Thursday, 28 July 2016

The well of the North Wind


They came originally from the great monastery in the north of Ireland "in a beautiful valley where the winder never blew and where there were appleas and horses.' They came to a storm-swept island on Scotland's west coast, and continued trhere the rhythm of work and worship and mission.
In his new novel, The well of the North Wind Scottish poet and writer Kenneth Steven who has a deep love for Iona and its history, re-imagines life there in the 6th century when Columba (Column in the book) is an old man.
It tells the story of young Fian, a gifted artist and calligrapher, who is brought by the monks from his home on the Irish Coast to work on illustrating the Book of Kells. We see the impact on him both of the monks, and the local people. Fian works on the Book with creative fire; he falls in love with a local girl, Mara. Their tender relationship has hardly begun when it triggers repercussions bringing great sadness.

It's a wonderful book. Kenneth Steven, as always, uses words powerfully, bringing alive the island; its wildlife; sea and sky; the stars above. It’s major theme, I think, is faith: we see our own journeyings reflected.

We see the faith of an old man -  Colum. He is wise, gentle, tender – washing the brothers’ feet, for example – but he also struggles with age, impatience, rage. Sometimes, he says, God is silent, ‘Perhaps now, after all these years, even more silent.’

We see the restlessness of Larach, who leaves the island, sailing north with three companions to escape the bustle and chatter of the cloisters, ‘to come to a place where there is nothing but God.’ But is he fleeing from something deep within him?  Of the four, he alone returns, shaken, more dead than alive, with a strange tale of another presence guiding his battered vessel back to Iona.

And there’s Ruach, of them all the most faithful; Ruach whose name means ‘the breath of the Spirit.’ Ruach, the outsider who sees dreams and portents which burden him until he glimpses their significance and shares it with others and so finds release. What did God mean by troubling him with these haunting visions?

There are the local people. Not Christian believers, and yet…..  Mara’s mother Baan has the gift of gentle healing; knows old songs from the beginning of time; listens to a deep, prompting inner voice. Mara’s name suggests bitterness and death, yet there is about her a gentleness and truth. She anoints Fian’s hands preparing them for their work on the Book. The monks have brought to the island the name of the One who is light, and yet at New Year it is Baan who symbolically brings light from the village to the brothers.
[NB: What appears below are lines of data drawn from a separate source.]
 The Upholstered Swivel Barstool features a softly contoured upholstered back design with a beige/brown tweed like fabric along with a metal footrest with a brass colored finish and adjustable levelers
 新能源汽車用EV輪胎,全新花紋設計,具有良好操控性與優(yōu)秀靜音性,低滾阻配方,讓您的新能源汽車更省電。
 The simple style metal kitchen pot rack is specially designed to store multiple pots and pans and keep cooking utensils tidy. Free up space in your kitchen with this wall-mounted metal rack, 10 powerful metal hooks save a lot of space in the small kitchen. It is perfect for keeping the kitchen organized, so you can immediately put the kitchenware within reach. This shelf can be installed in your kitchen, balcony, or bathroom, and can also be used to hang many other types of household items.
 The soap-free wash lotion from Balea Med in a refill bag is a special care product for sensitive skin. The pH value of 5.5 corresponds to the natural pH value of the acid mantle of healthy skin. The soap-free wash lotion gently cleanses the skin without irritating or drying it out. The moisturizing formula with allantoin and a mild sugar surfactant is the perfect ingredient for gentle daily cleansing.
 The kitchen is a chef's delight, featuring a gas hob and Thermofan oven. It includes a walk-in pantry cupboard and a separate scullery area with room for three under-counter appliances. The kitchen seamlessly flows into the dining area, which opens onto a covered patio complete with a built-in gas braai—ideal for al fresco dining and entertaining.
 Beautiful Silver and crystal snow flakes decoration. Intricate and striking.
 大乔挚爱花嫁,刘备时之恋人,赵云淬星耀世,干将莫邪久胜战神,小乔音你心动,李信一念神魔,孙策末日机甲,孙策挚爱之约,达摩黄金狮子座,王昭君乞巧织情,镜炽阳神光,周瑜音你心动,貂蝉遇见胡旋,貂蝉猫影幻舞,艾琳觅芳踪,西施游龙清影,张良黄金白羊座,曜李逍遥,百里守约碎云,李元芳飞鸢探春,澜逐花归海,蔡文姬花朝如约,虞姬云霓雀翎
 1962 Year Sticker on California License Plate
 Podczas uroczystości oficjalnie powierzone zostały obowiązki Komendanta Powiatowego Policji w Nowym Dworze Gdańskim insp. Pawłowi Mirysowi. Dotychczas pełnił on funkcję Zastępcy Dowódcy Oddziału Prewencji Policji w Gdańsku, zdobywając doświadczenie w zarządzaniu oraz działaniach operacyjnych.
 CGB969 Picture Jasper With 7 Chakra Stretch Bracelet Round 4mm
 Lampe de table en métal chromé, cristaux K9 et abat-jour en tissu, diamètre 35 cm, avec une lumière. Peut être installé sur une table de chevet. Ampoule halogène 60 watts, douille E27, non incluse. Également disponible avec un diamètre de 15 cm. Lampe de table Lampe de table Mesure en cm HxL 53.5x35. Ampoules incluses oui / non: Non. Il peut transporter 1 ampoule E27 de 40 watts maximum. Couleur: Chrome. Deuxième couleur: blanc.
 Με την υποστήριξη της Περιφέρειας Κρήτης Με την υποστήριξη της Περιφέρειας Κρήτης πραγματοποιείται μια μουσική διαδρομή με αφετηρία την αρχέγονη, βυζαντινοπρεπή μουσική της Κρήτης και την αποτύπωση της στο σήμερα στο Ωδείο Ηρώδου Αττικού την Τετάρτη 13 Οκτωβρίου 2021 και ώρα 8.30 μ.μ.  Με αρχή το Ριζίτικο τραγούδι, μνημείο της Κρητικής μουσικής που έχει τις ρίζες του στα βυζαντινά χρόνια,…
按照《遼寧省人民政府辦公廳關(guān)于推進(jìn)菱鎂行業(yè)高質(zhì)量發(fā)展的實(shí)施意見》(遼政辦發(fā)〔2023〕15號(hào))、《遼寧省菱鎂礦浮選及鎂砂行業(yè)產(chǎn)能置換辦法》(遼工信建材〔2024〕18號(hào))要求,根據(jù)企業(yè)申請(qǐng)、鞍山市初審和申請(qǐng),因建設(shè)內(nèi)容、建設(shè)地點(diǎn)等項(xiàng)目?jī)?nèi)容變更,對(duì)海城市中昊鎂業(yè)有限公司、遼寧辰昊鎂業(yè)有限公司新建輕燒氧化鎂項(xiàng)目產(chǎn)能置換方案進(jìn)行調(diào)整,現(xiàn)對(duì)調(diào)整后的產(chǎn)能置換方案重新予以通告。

And we see Fian himself, with his many questions. ‘Where was God in this grey world, and what God was it that toyed with them in the grey misery of storm?’ His faith is a flickering candle. ‘You struggle to find God,’ Colum tells him, ‘and you will not let God find you.’ Yet there is one particular place where he finds it easy to believe, where though he is alone ‘yet he felt a presence all the same. He felt healed.’

From the Book of Kells
There comes upon Fian, as a result of a misjudgement on Colum’s part, a time of great darkness and despair. Rage against Colum and the community and God is destroying him.
The book has many references to ‘fragments.’  Fragmented memories of Fian’s father; the fragments recalled of a godly man’s words; fragmented islands; Larach’s boat reduced to fragments of fragments. And Fian’s prayers. He ‘prayed in pieces.’ Will there never be wholeness?

The well of the north wind is hidden place, precious to both Fian and Mara. What’s its significance? In George Macdonald’s famous book At the back of the North Wind, the Wind goes about her business, both destroying and healing. Macdonald’s story, and Steven’s see the North Wind as a symbol of the deep mystery that in God’s good plan pain and death can lead to fruitfulness and life.

Larach, back from the valley of apples and horses, ‘face strong and full, his great hands alive once more,’ takes Fian to a hidden beach where he bathes in cool water and feels washed new. And then Larach lights a fire in the shingle and cooks small fish.It reminds us of another man, back from the land of apples and horses, hands alive once more, though scarred still, cooking fish on another beach – the man who brings the fragments together.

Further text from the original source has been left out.